_Task goal_
Unless it is a picture, every line from the start of the entries through the line with "Câmeras do circuito" must be retyped exactly.

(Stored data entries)
.....

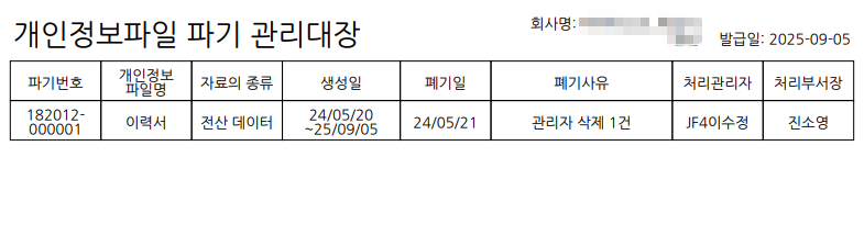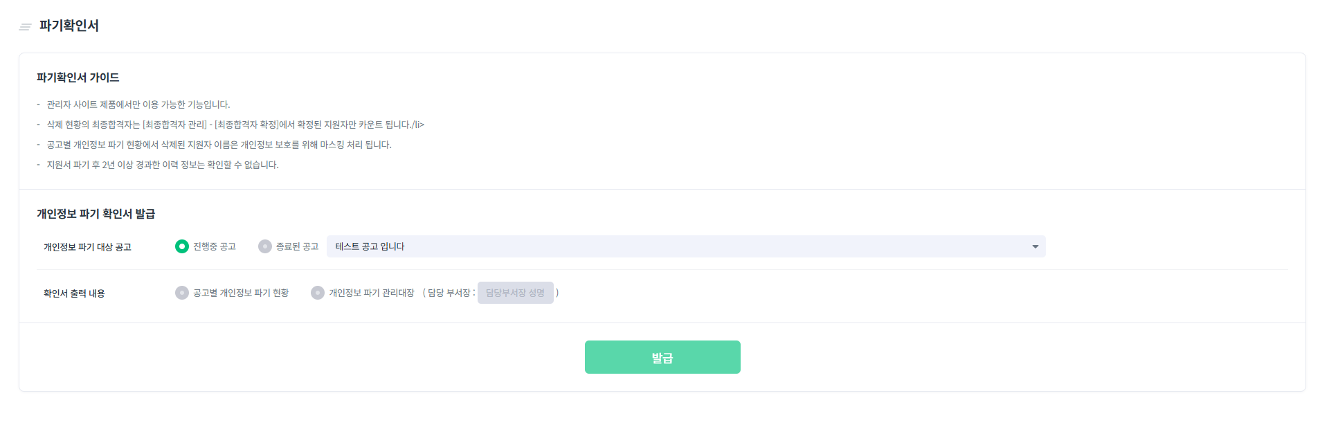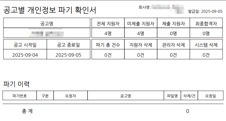 2025년 12월 5일 (금) [개인정보로그] 파기확인서 진행 중인 공고 또는 종료된 공고에서 지원서가 삭제된 내용에 대한 확인서를 발급받을 수 있습니다. 파기확인서 진행 중인 공고 또는 종료된 공고에서 지원서가 삭제된 내용에 대한 확인서를 발급받을 수 있습니다. 또한 공고별 개인정보 파기 현황 또는 개인정보 파기 관리대장에 대한 확인서를 출력할 수 있습니다. 개인정보로그 파기 확인서 발급 개인정보 파기 관리대장 예시 공고별 개인정보 파기 현황 예시
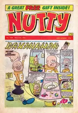 Nutty was a British comic magazine that ran for 292 issues from 16 February 1980 to 14 September 1985, when it merged with The Dandy. Published by D. C. Thomson & Co. Ltd, Nutty was an attempt to create a more lively and chaotic comic compared to many on sale at the time.
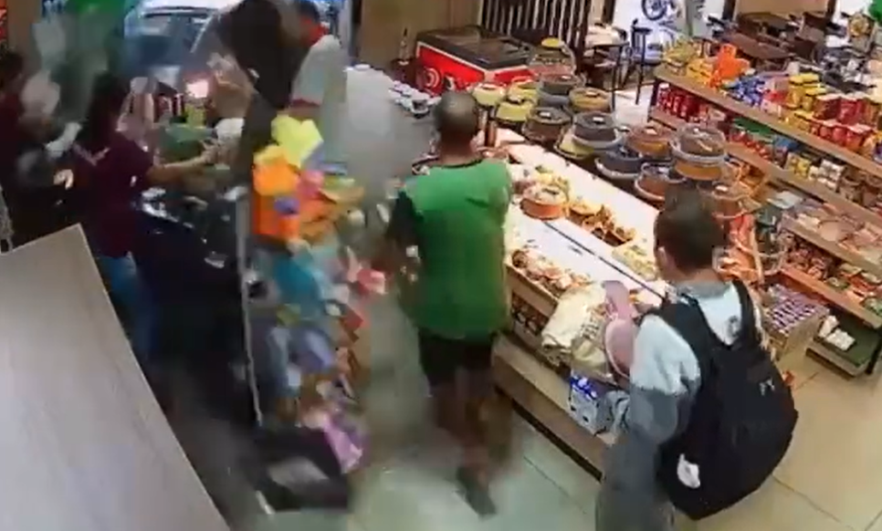 Câmeras do circuito interno de segurança mostram que por pouco os funcionários e os clientes não foram atingidos, inclusive uma criança e uma mulher.
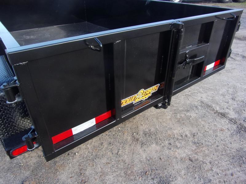 Down to Earth is proud to offer quality dump trailers for sale at the lowest possible price. Our dump trailers are built for performance. We can even make a custom dump trailers to fit your specific needs and your budget. Our premium features Low Profile Dump Trailers are offered in 7 000 10 000 12 000 and 14 000 lb. GVWR's. The standard sides are 24 tall with two-way tailgates that open for unobstructed dumping or can be set in spreader mode for spreading gravel. An adjustable coupler is included as standard on most models. The 7 000 and 10 000 GVWR models have a 6 main frame. The 12 000 and 14 000 GVWR models are built with a rugged 8 channel main frame. Cylinder sizes are matched to the model capacity.
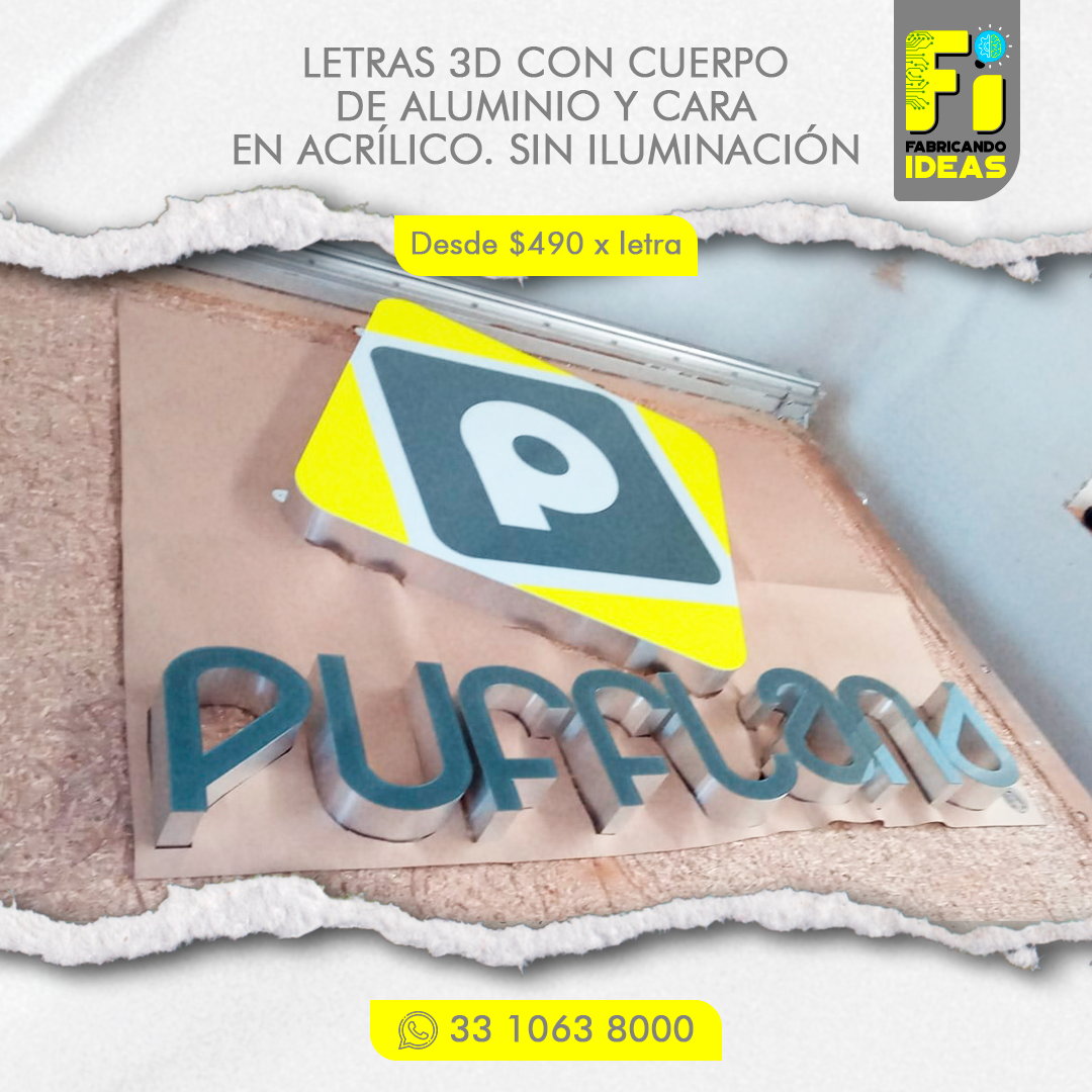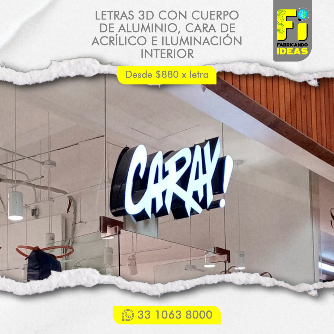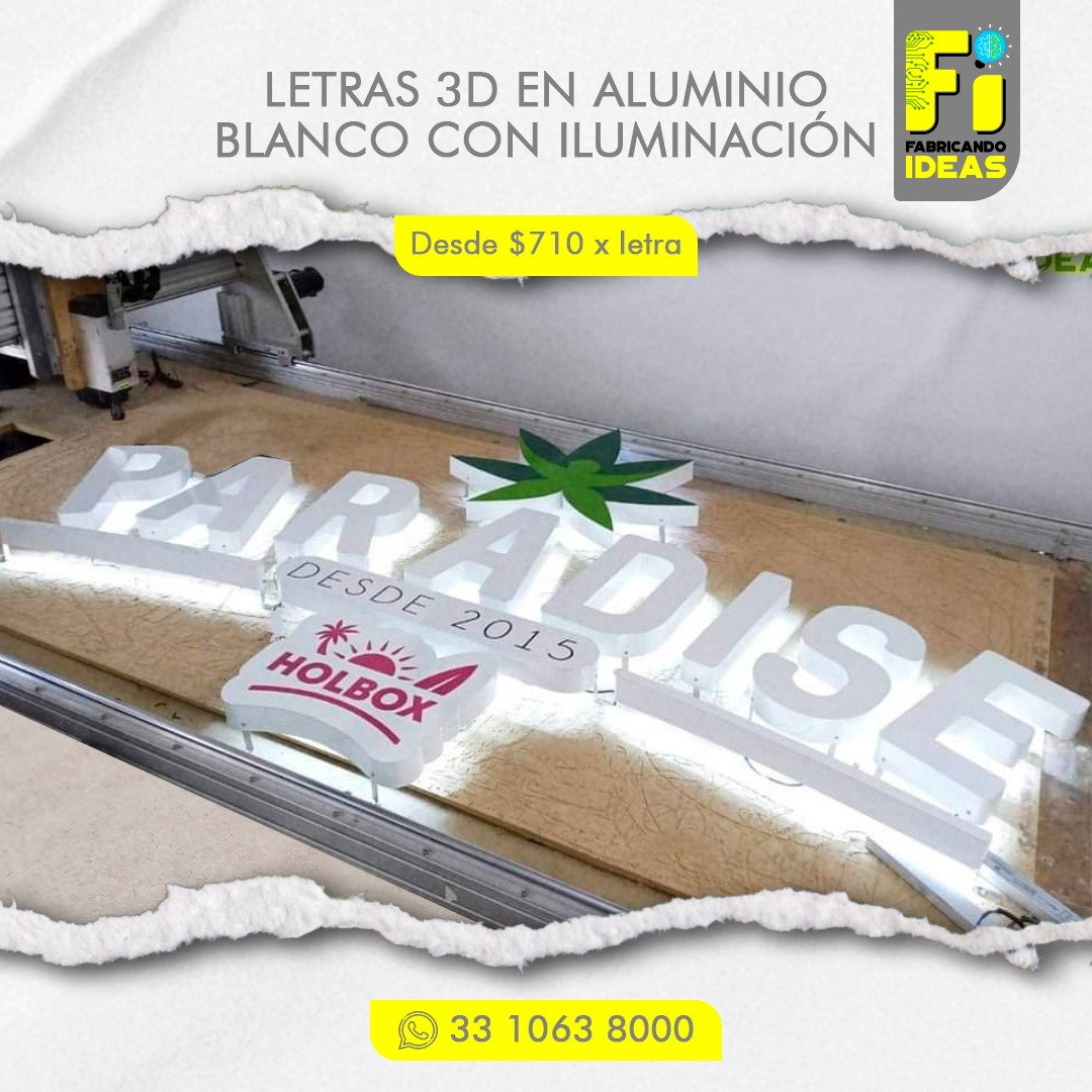 - La medida mínima para fabricar letras en 3D es de 20 cm de altura.

.....

_Task response_
 2025년 12월 5일 (금) [개인정보로그] 파기확인서 진행 중인 공고 또는 종료된 공고에서 지원서가 삭제된 내용에 대한 확인서를 발급받을 수 있습니다. 파기확인서 진행 중인 공고 또는 종료된 공고에서 지원서가 삭제된 내용에 대한 확인서를 발급받을 수 있습니다. 또한 공고별 개인정보 파기 현황 또는 개인정보 파기 관리대장에 대한 확인서를 출력할 수 있습니다. 개인정보로그 파기 확인서 발급 개인정보 파기 관리대장 예시 공고별 개인정보 파기 현황 예시
 Nutty was a British comic magazine that ran for 292 issues from 16 February 1980 to 14 September 1985, when it merged with The Dandy. Published by D. C. Thomson & Co. Ltd, Nutty was an attempt to create a more lively and chaotic comic compared to many on sale at the time.
 Câmeras do circuito interno de segurança mostram que por pouco os funcionários e os clientes não foram atingidos, inclusive uma criança e uma mulher.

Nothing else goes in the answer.